[00:00:05] Dr. Kenneth A. Schultz: Great. Well, thank you everybody. It’s great to be here. I actually met Sandy and the Siegel team a little bit over two years ago. We were doing research in the lab, and we’re seeing very promising results on demyelinating diseases — in fact, so much so that the FDA granted us, they reviewed our data and gave us Orphan Drug status in optic neuritis and ADEM.

[00:00:29] But our question was: Can you tell us more about the patients? As we think about this, what are their lives like, and the like? And so that invoked into a thought partnership. Then, I guess a couple months ago, they asked, “Well, could you come and tell us what you’ve been up to?” And it’s actually pretty exciting, and I enjoy being here, getting to see the end product of the results of our research, and really learning from you guys as we go forward.

[00:00:56] First off, a little bit of a disclosure: I do spend a lot of time at Trethera, working on this project. And now, I’ll go ahead and tell you what we’re up to in terms of the current state. Why does an emergency room physician run a biotech and go forward with a drug to treat patients?

[00:01:15] Well, we’ve had some really good developments lately. First off, we dose the first patient in medical history with this drug, a dCK inhibitor, in a cancer trial. We’re currently running a dose-escalation trial for patients with solid tumors.

[00:01:32] Secondly, it’s been incredibly well-tolerated. This is a once-a-day pill that patients take by mouth, and so far, we’ve not seen any dose-limiting toxicities. We’re about two dozen patients in at this point.

[00:01:47] Thirdly, we have been able to do quite a bit of research in the lab, working with mice, and we’re able to be designated an orphan drug by the FDA for two of the diseases that we’re looking at this weekend at the conference: ADEM and optic neuritis.

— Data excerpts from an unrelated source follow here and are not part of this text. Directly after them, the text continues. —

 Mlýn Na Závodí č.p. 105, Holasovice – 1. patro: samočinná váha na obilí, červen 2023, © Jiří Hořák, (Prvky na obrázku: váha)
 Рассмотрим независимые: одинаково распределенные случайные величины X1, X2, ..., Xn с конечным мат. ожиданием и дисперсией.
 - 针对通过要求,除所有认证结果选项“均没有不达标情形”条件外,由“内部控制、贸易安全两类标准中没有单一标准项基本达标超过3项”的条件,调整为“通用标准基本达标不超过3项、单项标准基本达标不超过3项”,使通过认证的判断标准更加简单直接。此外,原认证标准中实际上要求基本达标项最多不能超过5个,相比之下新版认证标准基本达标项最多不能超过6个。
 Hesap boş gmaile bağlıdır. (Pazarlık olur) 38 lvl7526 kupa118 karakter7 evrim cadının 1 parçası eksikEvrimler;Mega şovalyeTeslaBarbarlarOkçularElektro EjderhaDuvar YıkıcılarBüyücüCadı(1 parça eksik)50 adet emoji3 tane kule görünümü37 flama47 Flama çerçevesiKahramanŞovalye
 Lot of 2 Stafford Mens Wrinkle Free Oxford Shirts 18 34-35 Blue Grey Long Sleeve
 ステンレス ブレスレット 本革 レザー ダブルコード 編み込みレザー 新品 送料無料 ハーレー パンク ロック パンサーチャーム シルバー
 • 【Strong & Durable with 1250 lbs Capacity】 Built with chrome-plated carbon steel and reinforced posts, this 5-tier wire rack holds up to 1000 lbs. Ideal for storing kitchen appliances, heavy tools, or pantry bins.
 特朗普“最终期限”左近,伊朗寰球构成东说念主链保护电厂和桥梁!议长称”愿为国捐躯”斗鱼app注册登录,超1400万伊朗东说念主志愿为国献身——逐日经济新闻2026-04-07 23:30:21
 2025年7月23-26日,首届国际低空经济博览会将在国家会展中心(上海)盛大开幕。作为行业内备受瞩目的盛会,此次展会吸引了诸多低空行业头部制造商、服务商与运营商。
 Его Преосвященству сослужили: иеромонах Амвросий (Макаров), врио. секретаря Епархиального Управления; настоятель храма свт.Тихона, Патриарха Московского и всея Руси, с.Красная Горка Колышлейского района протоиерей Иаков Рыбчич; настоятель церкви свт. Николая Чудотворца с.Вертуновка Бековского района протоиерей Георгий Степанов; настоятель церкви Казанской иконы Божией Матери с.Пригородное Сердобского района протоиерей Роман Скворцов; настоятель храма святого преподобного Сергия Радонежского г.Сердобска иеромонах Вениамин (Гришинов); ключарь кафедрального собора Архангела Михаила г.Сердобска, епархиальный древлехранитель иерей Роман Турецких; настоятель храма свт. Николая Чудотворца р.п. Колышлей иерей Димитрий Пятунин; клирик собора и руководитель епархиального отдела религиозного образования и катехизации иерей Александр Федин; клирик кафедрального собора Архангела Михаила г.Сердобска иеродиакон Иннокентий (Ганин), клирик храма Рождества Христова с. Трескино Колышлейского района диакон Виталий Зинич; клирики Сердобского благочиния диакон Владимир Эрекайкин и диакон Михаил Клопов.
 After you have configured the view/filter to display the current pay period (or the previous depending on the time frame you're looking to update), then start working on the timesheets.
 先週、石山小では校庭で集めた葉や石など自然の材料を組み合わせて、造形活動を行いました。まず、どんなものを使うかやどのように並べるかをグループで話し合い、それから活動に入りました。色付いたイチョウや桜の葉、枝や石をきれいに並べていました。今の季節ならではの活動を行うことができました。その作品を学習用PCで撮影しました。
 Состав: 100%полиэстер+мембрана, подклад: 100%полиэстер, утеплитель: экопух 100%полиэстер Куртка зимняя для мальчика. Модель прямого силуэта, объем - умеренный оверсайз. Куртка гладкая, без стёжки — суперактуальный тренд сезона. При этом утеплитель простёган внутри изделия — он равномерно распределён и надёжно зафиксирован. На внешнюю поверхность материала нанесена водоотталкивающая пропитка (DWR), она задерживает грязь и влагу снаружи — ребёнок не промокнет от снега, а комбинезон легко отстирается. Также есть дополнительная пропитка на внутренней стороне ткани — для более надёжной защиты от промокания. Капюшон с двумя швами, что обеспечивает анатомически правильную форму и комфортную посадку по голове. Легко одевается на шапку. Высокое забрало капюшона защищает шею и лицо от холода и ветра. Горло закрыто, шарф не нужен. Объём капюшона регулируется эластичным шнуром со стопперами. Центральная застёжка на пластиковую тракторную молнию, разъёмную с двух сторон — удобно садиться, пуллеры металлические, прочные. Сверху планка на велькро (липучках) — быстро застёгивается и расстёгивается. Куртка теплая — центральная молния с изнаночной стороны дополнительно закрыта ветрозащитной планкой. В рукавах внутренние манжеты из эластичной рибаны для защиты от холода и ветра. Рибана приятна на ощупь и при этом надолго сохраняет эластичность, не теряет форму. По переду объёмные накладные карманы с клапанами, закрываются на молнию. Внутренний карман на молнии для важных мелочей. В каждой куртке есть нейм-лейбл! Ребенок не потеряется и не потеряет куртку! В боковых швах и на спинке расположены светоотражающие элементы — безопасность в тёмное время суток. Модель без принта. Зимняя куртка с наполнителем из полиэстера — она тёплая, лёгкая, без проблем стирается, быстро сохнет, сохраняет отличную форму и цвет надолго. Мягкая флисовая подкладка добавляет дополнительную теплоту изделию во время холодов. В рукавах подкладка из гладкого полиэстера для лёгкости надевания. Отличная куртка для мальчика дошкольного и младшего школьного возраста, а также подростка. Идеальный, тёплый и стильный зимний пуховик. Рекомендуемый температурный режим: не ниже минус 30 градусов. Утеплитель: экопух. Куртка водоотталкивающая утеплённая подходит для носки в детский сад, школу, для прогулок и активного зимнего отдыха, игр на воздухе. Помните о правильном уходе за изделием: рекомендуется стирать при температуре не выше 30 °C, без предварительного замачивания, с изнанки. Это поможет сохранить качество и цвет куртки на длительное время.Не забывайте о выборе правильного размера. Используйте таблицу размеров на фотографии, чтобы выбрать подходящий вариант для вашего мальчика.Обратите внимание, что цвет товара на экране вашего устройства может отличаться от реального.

[00:02:05] Also, in the last 24 months, we’ve been awarded over $7,000,000 in grant monies from the NIH after scientific review, of which over half of that have been in these demyelinating disease spaces.

[00:02:18] And then, lastly, very close to home, we will be filing a pre-IND package with the FDA this year. We’re about 100 pages in already to be entering an ADEM Phase I trial and able to cross-reference our existing clinical data. This is really important. We already have a clinical safety and data package already with the FDA with our solid tumors patients that we’re dosing currently.

[00:02:44] Now, I like to say that who you’re working with is 10 times more important than what you’re working on, and we’ve really established a nifty team — a superb team of scientists and physicians — that are helping to make this go forward. Some of these have been part of this conference throughout the years.

[00:03:02] The other thing is our second team, is that we’ve been funded to date by a very tight-knit, close group of grateful patients who’ve been able to cheer us on with each step of the way. So, if that’s the team, let’s talk a little bit about the science.

[00:03:20] In order for cells to divide, they have to have two sets of DNA, and they can do that through one or two pathways. There’s the de novo pathway, that’s there on the top, and then there’s the salvage pathway, that’s there on the bottom.

[00:03:35] Now, the de novo pathway takes the things that we eat and then makes these DNA building blocks by scratch. That’s why it’s actually called de novo, right? From scratch. And then, the cell has two sets of DNA; it can divide. You may be familiar with some of the drugs that work in this pathway. Both Aubagio and Mavenclad are FDA-approved for multiple sclerosis.

[00:03:59] Now, there in the bottom of the slide, in orange, is the salvage pathway. Rather than making these DNA building blocks, called nucleotides, from scratch, they make them by exactly what the name says — recycling or salvaging little bits of DNA that are circulating outside of the cell. They bring them in and then are able to make all four of those DNA building blocks.

[00:04:25] Our drug, TRE-515, works on dCK. This is the pathway — the salvage pathway — is what we are targeting, and this has never been done before. This is a first-in-pathway, first-in-class drug that we’ve developed with close collaboration, of course, with UCLA and other universities. The pathway is important probably for two reasons.

[00:04:49] One is that, it’s upregulated in whenever cells divide abnormally and rapidly, like in autoimmune diseases. They favor the salvage pathway because it’s a shortcut, right? Everything’s already done; you just have one little step. It’s much faster, takes less energy. The second part is dCK blocks all four of those DNA building block precursors, so it’s like the rate-limiting step in the process.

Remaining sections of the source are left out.